Why the Judiciary should be challenged

Early this week, President Uhuru Kenyatta came under heavy flak for daring to tread where not even Lucifer is permitted. His deputy's caustic deportment is rubbing off on him. In an unguarded moment, the President, taking cue from William Ruto, went hammer and tongs at a judiciary he now believes is after his scalp come August 8, 2017.

He attacked the Judiciary for supposedly working in favour of the Opposition, completely amnesiac of his earlier urgings that if the Opposition felt aggrieved over anything, well, the courts were there for them. Indeed, the Opposition gleefully took his advice and has made the courts its second home.

Direct hits

So far, Lady Luck seems to smile on the Opposition if the victories it has scored against Jubilee are anything to go by. Unfortunately, a certain name on the bench has featured consistently in the rulings that Jubilee increasingly finds unfavourable to it. Thus, Jubilee's attack dogs whose minds 'snap shut as soon as their mouths open', according to Opposition Principal Moses Wetang'ula, had a field day. But apart from the personalised attacks on Chief Justice David Maraga and Justice George Odunga, the executive outbursts raise a fundamental issue on the role of the Judiciary in good governance, mis-governance and the extent to which the judicial system is responsible for the way our society is today.

I have no qualms stating the fight against corruption is wasted effort if the judicial system does not re-examine its approach. And as long as legal proceedings remain expensive undertakings, our version of justice will be determined by the depths of one's pockets. The ordinary Kenyan man and woman have little or no faith in a judicial system whose scales are tipped, not necessarily by evidence on the table, but rather the monetary worth of either party. That a peasant whose one-acre piece of land has been grabbed by a moneyed, politically correct individual will lose it, first because he cannot afford the services of a lawyer and secondly, his ignorance on what to do. Pro bono services in Kenya do not exist, except maybe as a concept.

The injunctions that courts churn out by the dozen on any given day mean that the delays and pile-up of cases at the Judiciary are a deliberate move, and it would be foolhardy to deny that they are the expressway to corruption within the hallowed precincts of the Judiciary. Corrupt judges have been decried even as some were relieved of their duties as a consequence. There are inmates in Kenyan jails serving sentences for crimes they know nothing about because they are poor. On the other hand, there are crime suspects out there seeking elective positions today because their money and a judiciary that lays too much stock in their lopsided view of the bill of rights allows them to be free.

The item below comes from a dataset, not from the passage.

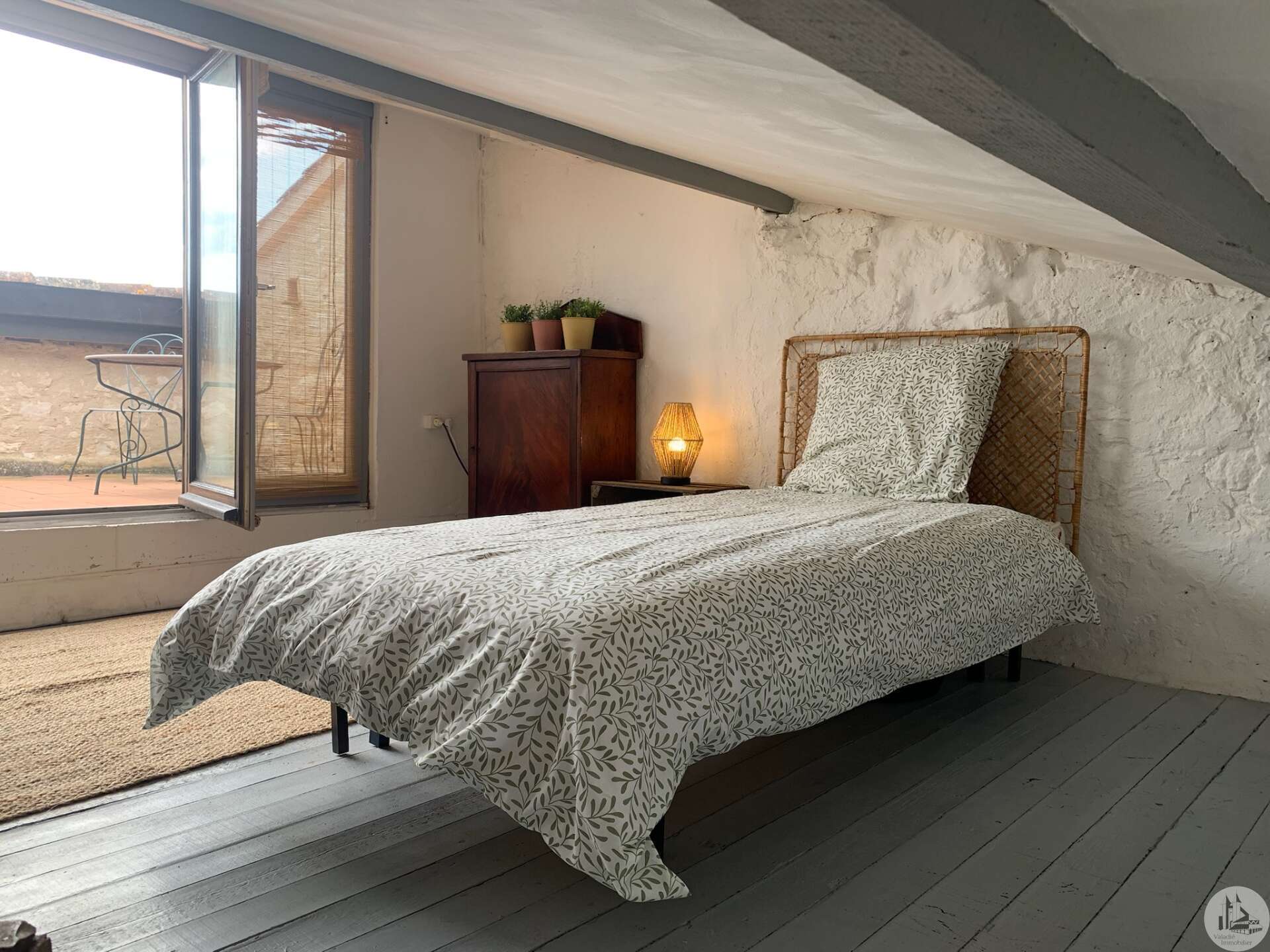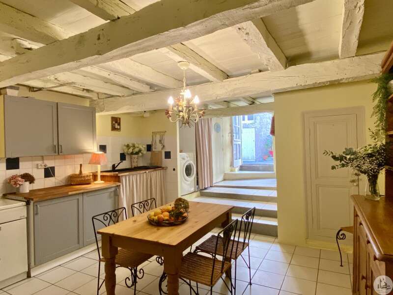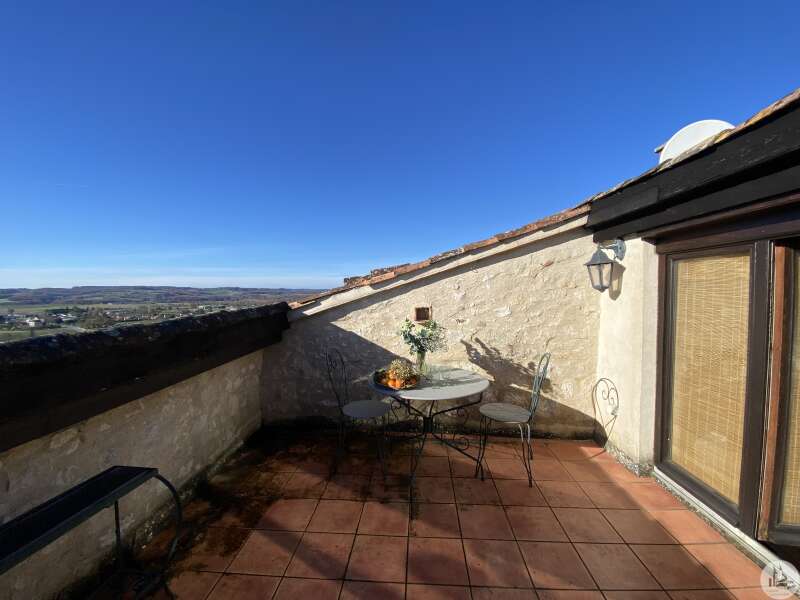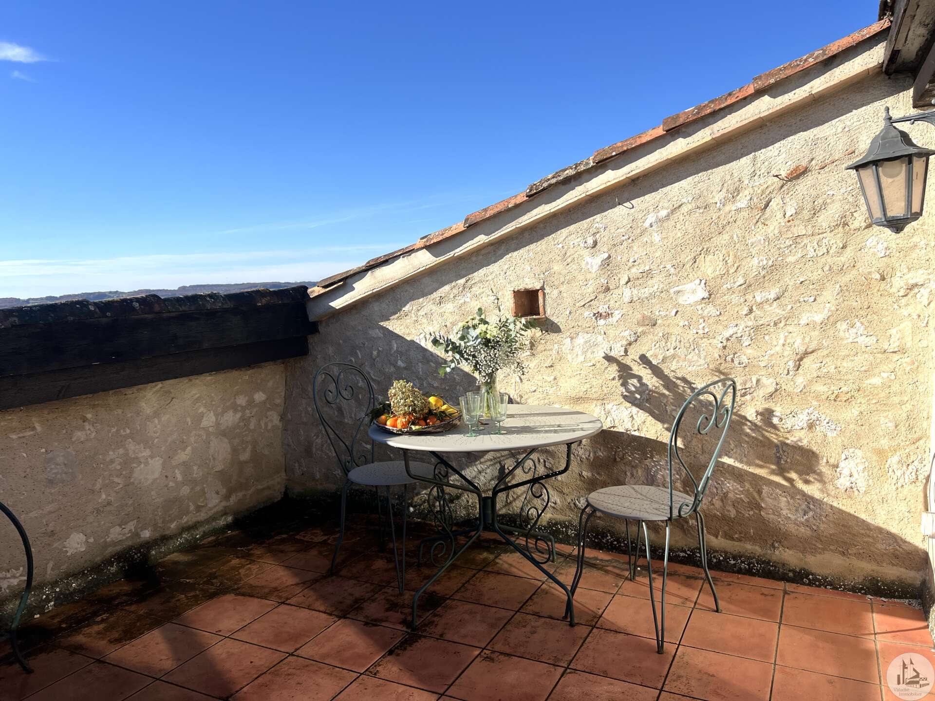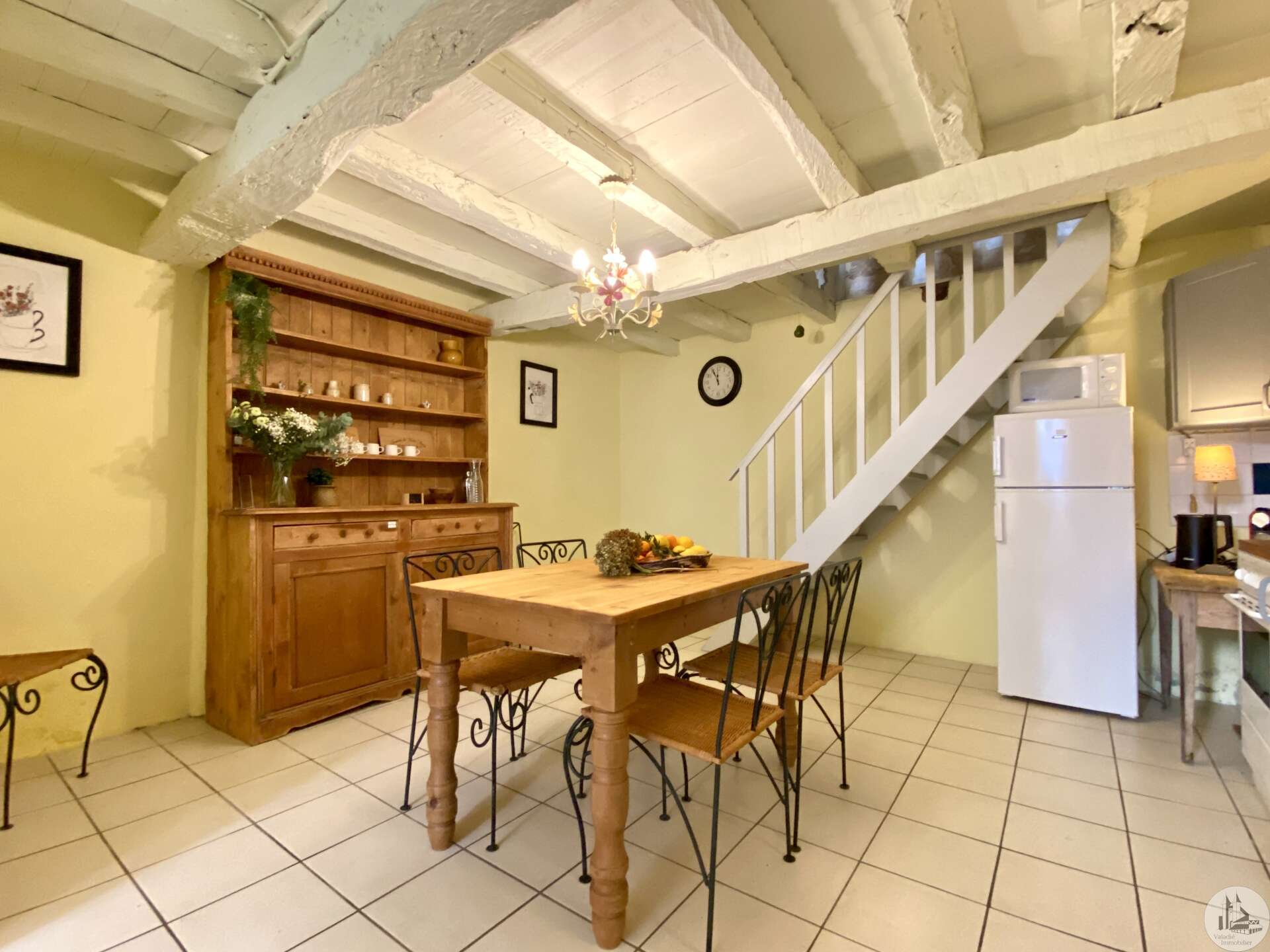 Deze charmante 13e-eeuwse dorpswoning, gelegen in het hart van de heuvelachtige vesting Monflanquin, is een van de mooiste dorpen van Frankrijk. -Begane grond- De stenen woning biedt op de begane grond een eenvoudige keuken, een gastentoilet en een trap naar de woonkamer op de eerste verdieping. -Eerste verdieping- Entree, gevolgd door een tweede trap naar de woonkamer met originele houten vloer, open haard met houtkachel, zichtbare stenen muren en balken. Een Frans balkon en een houten inbouwkast maken het geheel compleet. -Tweede verdieping- Op de eerste verdieping bevindt zich een ruime slaapkamer met zeegras vloerbedekking, zichtbare stenen muren en balken, en een en-suite badkamer met ligbad/douche, wastafel en toilet. Er is ook een handdoekdroger aanwezig. - 3e verdieping - Trap vanuit de slaapkamer naar de bovenverdieping Op de bovenste verdieping bevindt zich een zolderkamer met een schuin mansardeplafond, die als extra slaapkamer kan dienen. Via deze ruimte is er toegang tot het dakterras met uitzicht over het landschap. --De woning wordt gemeubileerd verkocht-- Dakterras van ca. 15 m² --Gratis en gemakkelijk parkeren in de buurt. Let op: Er zijn drie steile trappen in de woning. De verwarming wordt verzorgd door een houtkachel in de woonkamer, de badkamer heeft een handdoekdroger. Er is geen centrale verwarming. De ramen zijn enkelglas. De tweede slaapkamer op de bovenste verdieping is eigenlijk een 'extra' slaapkamer voor incidenteel gebruik of voor een kind, aangezien het mansardeplafond laag en schuin is. De toegang tot het dakterras is ook via deze kamer, door een lage deur. De onroerendgoedbelasting (taxe foncière) voor het jaar bedraagt 476 euro. Het huis is aangesloten op de riolering en het waterleidingnet (tout à l'égout). Het huis is circa 89 m² groot en is verdeeld over 4 verdiepingen: Begane grond: Keuken - entree Voordeur (witte deur links) en vervolgens naar de 1e verdieping 1e verdieping: woonkamer met houtkachel 2e verdieping: Slaapkamer met badkamer 3e verdieping: Kleine slaapkamer (voor incidenteel gebruik), open ruimte met toegang tot het dakterras Monflanquin, een prachtig middeleeuws dorp op een heuveltop uit 1256, staat bekend als "een van de mooiste dorpen van Frankrijk" en biedt een adembenemend uitzicht over het glooiende landschap. Veel onafhankelijke restaurants, cafés en boetiekjes bevinden zich op loopafstand van de woning, evenals de wekelijkse boerenmarkt. De rivierstad Villeneuve-sur-Lot ligt op 18 km afstand en Bergerac, Dordogne en de luchthaven daarvan liggen op ongeveer 40 minuten rijden met vluchten naar het Verenigd Koninkrijk, België en Nederland. Agen ligt op 40 minuten afstand. De grote steden Bordeaux en Toulouse liggen op minder dan 2 uur rijden. Een perfecte pied-à-terre, ideaal voor een eerste aankoop of als fantastische vakantiewoning.

Courts, we must agree, are made up of human beings; people with feelings just like you and me. Magistrates and judges have their biases and agendas; they would be zombies if they did not. Why then are people conditioned to believe courts are infallible? Isn't that why travesty of justice is more the norm than the exception? Perhaps the idea of having magistrates' courts, the High Court, the Court of Appeal and the Supreme Court was to take care of inherent human failings, but doesn't it, in the same vein, speak of the fallacy that we are living over the righteousness of court rulings? A magistrate's court passes a verdict, which the High Court overturns. The High Court's ruling is then trashed by the Court of Appeal. How much confidence does that inspire?

Contradiction

In the 1968 'San Antonio Independent School District v. Rodriguez' case, a Parents Association in Edgewood, Texas, USA, filed a complaint against schools that showed bias in education financing between the rich whites and poor blacks. They claimed this violated the equal protection clause under the Fourth Amendment of the United States constitution. In part, the clause states: 'The right of the people to be secure in their persons, houses, papers, and effects, against unreasonable searches and seizures, shall not be violated, and no warrants shall issue, but upon probable cause, supported by oath or affirmation, and particularly describing the place to be searched, and the persons ...' The Supreme Court's final ruling in 1972 stated that 'inequities in school funding do not violate the Constitution. Discrimination against the poor does not violate the Constitution and that education is not a fundamental right'.

Even though the judges based their rulings on a lacuna in law, viewed against the Fourth amendment that sought equality, one can readily deduce the judges' perceptions were clouded by racism. Their agenda was the continued subjugation of the black people; forget the nonsense about America being the land of equal opportunity.

The absurdity of that ruling makes good argument for why courts must be subjected to open, non-restrictive scrutiny and criticism whenever they go overboard, secure in the assumption their decisions, no matter how ridiculous, are sacrosanct.